• [PROMPT]
Go to the line with "プロピレントリマー プロピレントリマー(Propylene Trimer)の" in the material below and copy from there through the line with "- За да отидете", exactly. Pictures are not copied.

Segment Start: RECORDS FOR THIS TASK

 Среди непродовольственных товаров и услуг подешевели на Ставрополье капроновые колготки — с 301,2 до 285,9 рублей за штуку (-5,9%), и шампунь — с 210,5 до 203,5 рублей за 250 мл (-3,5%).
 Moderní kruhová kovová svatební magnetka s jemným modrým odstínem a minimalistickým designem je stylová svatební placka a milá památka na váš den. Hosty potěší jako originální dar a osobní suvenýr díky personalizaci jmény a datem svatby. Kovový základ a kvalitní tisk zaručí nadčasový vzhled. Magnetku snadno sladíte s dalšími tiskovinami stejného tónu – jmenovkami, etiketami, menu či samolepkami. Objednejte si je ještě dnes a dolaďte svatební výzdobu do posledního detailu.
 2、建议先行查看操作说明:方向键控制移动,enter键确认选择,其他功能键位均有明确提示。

Segment End: RECORDS FOR THIS TASK
Segment Start: RECORDS FOR THIS TASK

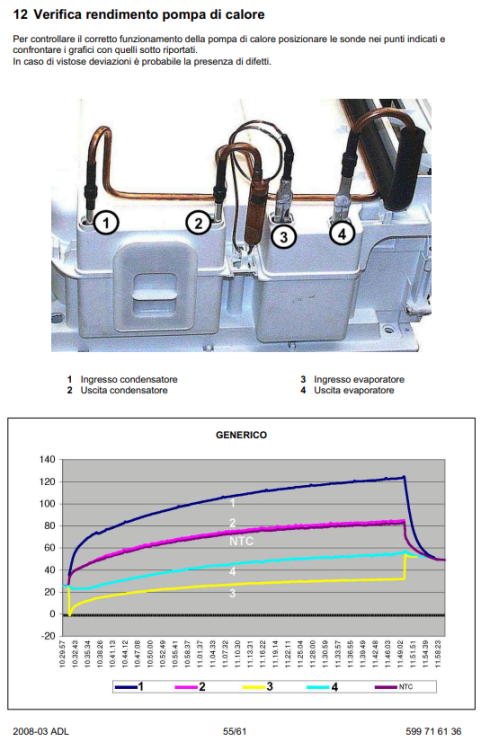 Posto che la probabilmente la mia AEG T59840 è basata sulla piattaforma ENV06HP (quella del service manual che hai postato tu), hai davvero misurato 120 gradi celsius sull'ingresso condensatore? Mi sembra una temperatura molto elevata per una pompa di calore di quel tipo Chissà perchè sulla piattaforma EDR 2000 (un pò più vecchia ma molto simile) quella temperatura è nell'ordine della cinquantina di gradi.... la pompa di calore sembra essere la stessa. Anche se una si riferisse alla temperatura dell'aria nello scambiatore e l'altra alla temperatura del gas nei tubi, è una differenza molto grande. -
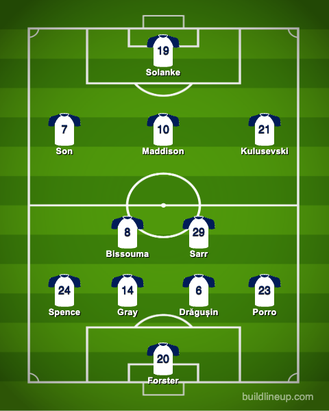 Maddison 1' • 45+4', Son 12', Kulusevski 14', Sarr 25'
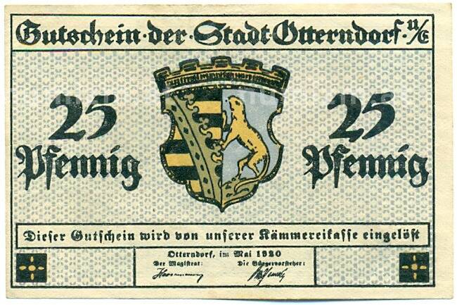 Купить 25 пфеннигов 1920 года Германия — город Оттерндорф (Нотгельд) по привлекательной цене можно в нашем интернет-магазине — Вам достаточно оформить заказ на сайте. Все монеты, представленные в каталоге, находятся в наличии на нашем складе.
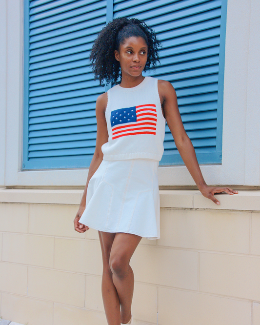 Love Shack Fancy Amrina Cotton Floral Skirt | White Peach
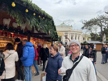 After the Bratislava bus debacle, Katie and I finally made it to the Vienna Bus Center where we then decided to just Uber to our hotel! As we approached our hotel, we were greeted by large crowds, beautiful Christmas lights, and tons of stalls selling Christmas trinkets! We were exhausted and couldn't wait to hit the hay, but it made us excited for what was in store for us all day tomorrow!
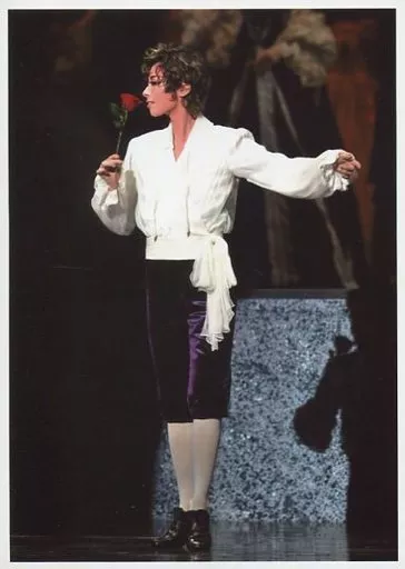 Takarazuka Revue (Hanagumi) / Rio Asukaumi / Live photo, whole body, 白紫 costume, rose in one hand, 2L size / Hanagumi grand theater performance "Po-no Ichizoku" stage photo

Segment End: RECORDS FOR THIS TASK
Segment Start: RECORDS FOR THIS TASK

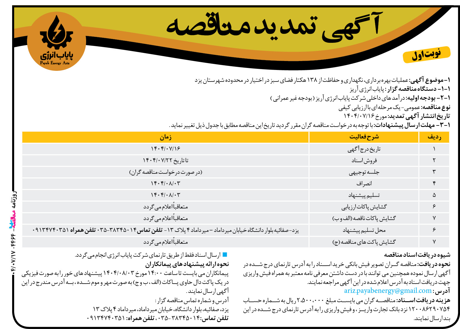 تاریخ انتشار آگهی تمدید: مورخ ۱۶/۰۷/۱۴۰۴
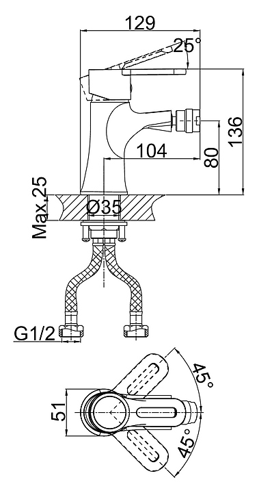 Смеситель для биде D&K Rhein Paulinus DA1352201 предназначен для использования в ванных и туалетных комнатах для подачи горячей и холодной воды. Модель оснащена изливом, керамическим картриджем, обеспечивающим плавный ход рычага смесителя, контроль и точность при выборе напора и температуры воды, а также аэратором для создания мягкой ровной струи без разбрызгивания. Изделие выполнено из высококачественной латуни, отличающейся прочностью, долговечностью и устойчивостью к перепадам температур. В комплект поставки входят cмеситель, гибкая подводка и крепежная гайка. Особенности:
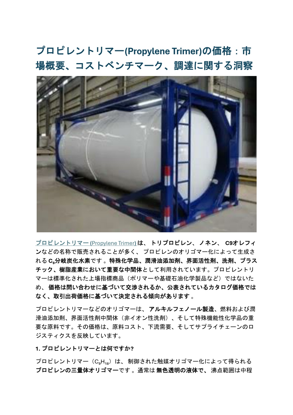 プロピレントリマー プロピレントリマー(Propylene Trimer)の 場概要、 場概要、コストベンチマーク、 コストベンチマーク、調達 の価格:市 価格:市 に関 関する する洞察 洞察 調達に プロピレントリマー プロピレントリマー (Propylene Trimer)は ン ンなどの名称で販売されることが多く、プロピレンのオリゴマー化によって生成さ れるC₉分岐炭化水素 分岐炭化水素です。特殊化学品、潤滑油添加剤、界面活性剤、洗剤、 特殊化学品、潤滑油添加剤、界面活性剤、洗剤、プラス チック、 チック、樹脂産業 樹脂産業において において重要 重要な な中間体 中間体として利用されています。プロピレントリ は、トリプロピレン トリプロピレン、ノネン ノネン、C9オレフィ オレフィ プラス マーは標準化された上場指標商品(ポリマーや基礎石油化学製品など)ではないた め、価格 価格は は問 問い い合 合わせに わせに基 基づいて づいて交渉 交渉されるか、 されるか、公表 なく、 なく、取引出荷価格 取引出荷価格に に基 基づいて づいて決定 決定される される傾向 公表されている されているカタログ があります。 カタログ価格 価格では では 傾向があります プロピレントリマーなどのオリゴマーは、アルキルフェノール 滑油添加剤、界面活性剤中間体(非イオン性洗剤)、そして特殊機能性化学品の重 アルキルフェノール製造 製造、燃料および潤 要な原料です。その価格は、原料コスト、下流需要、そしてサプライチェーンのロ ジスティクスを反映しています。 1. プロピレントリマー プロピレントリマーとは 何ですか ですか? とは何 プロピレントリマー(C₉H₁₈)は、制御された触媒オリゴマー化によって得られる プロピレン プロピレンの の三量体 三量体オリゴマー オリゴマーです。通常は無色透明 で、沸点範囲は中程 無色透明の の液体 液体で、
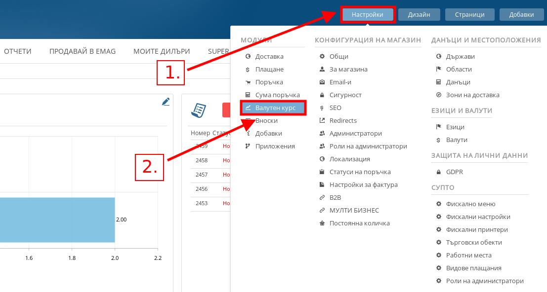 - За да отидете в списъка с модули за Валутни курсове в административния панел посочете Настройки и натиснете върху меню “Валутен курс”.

Segment End: RECORDS FOR THIS TASK

• [EXERCISE OUTPUT]
 プロピレントリマー プロピレントリマー(Propylene Trimer)の 場概要、 場概要、コストベンチマーク、 コストベンチマーク、調達 の価格:市 価格:市 に関 関する する洞察 洞察 調達に プロピレントリマー プロピレントリマー (Propylene Trimer)は ン ンなどの名称で販売されることが多く、プロピレンのオリゴマー化によって生成さ れるC₉分岐炭化水素 分岐炭化水素です。特殊化学品、潤滑油添加剤、界面活性剤、洗剤、 特殊化学品、潤滑油添加剤、界面活性剤、洗剤、プラス チック、 チック、樹脂産業 樹脂産業において において重要 重要な な中間体 中間体として利用されています。プロピレントリ は、トリプロピレン トリプロピレン、ノネン ノネン、C9オレフィ オレフィ プラス マーは標準化された上場指標商品(ポリマーや基礎石油化学製品など)ではないた め、価格 価格は は問 問い い合 合わせに わせに基 基づいて づいて交渉 交渉されるか、 されるか、公表 なく、 なく、取引出荷価格 取引出荷価格に に基 基づいて づいて決定 決定される される傾向 公表されている されているカタログ があります。 カタログ価格 価格では では 傾向があります プロピレントリマーなどのオリゴマーは、アルキルフェノール 滑油添加剤、界面活性剤中間体(非イオン性洗剤)、そして特殊機能性化学品の重 アルキルフェノール製造 製造、燃料および潤 要な原料です。その価格は、原料コスト、下流需要、そしてサプライチェーンのロ ジスティクスを反映しています。 1. プロピレントリマー プロピレントリマーとは 何ですか ですか? とは何 プロピレントリマー(C₉H₁₈)は、制御された触媒オリゴマー化によって得られる プロピレン プロピレンの の三量体 三量体オリゴマー オリゴマーです。通常は無色透明 で、沸点範囲は中程 無色透明の の液体 液体で、
 - За да отидете в списъка с модули за Валутни курсове в административния панел посочете Настройки и натиснете върху меню “Валутен курс”.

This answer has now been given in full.